(O NIM XXV)
rodził pocałunki, kusił maliną.
na początku grudnia jakieś
sugestie. o wspólnym czasie
i dłoniach w zielonej soli
zdarzało się kochać po obu
stronach. krążył z gwiazdami.
przykładałam czoło do jego
szyi. nasze imię
droga pod słońce w odcieniu
przygody. miałam ochotę na
więcej. odchodził z kometą
we włosach.
autor
Izabela0906
Dodano: 2010-01-31 16:14:07
Ten wiersz przeczytano 561 razy
Oddanych głosów: 13
Aby zagłosować zaloguj się w serwisie
Komentarze (11)
ON jest głęboko w twoim sercu....piękne
uczucie...pozdrawiam...
w ostatniej strofie odpłynęłaś wierszem, a jest to
milowy krok.
Niezwykle opisany, tyle metafor, zaczarowane słowa,
pozdrawiam:)
ładnie napisany wiersz, miły w odbiorze...przepełniony
uczuciem...pozdrawiam
Ładny i bardzo ciekawy wiersz,ale jesteś zazdrosna o
kometkę...powodzenia
a Ty nadal czarujesz pozytywnie...pięknie...pozdrawiam
zjawiskowy inaczej ma w sobie nastrój bliskości
pięknie wypowiedziany Bliskość czuła i rozmarzenie
Bardzo piękny wiersz:)
Ciekawa forma przedstawienia miłości. Podoba mi się:)

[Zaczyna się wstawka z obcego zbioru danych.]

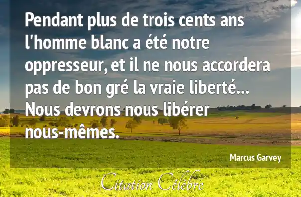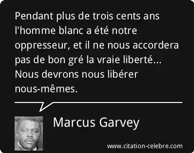 Pendant plus de trois cents ans l'homme blanc a été notre oppresseur, et il ne nous accordera pas de bon gré la vraie liberté... Nous devrons nous libérer nous-mêmes.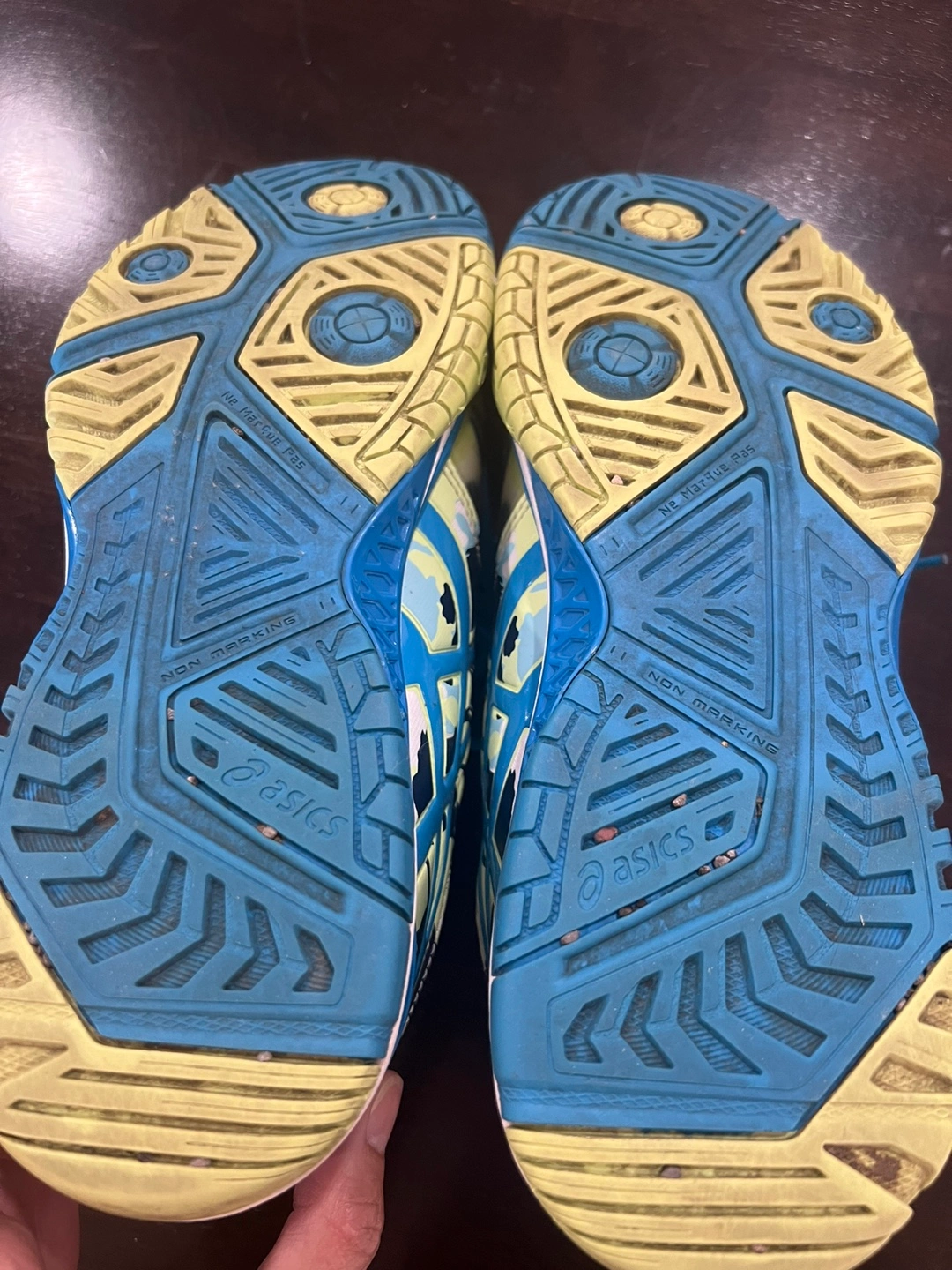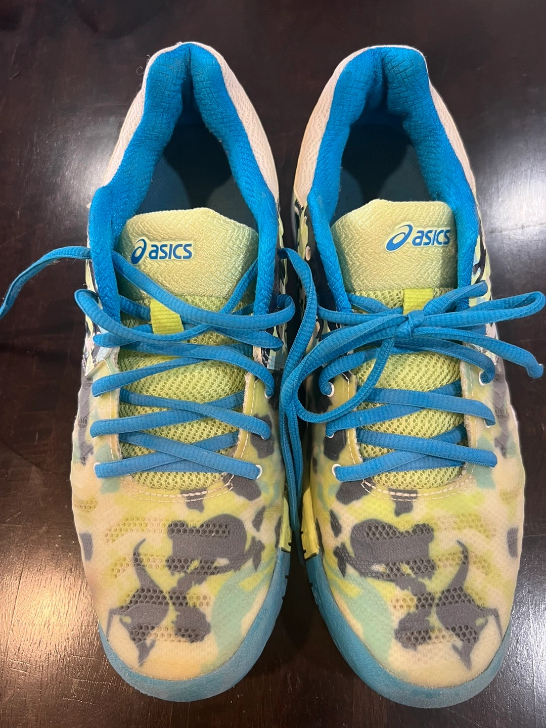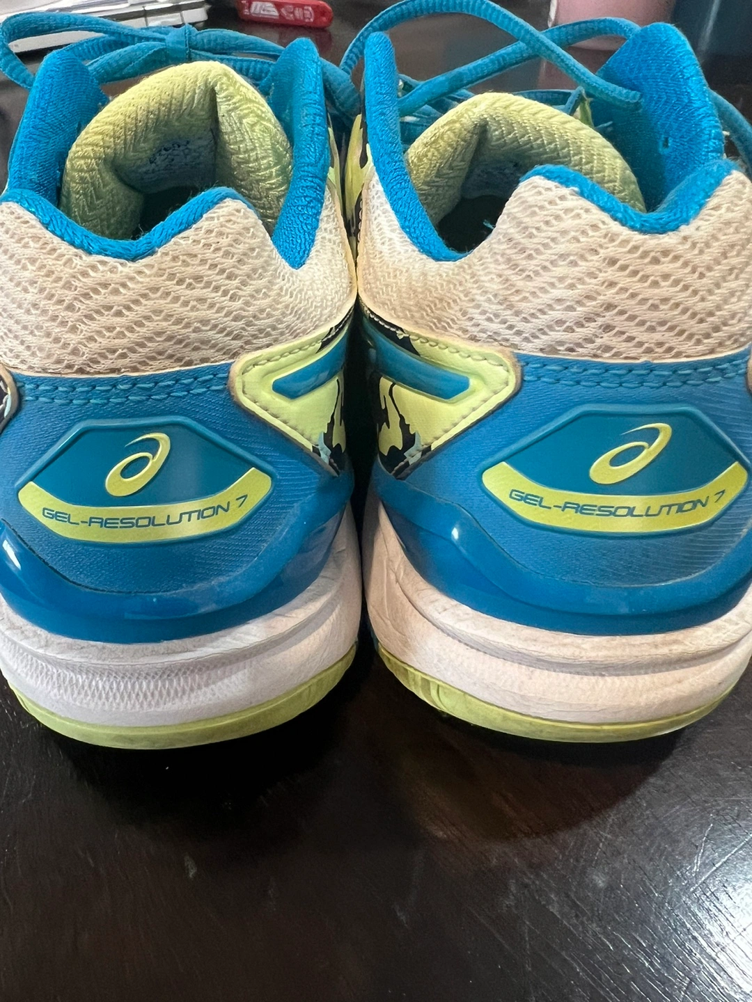 Selling a pair of Asics Gel-Resolution 7 tennis / pickleball shoes. They are a US size 9 and have a cool blue and yellow colour scheme. They're in good condition and ready for the court!

Iluzoryczny z miejscem na własny wpis. Po prostu
super. Pozdrawiam:)
Jak sympatycznie delektujesz się "Nim" - na różnych
poziomach: uczuć, odbierania wszystkimi zmysłami, w
różnym otoczeniu. Pozdrawiam :)
Ładny i ciekawy tematycznie wiersz.
Pozdrawiam serdecznie Izabelo.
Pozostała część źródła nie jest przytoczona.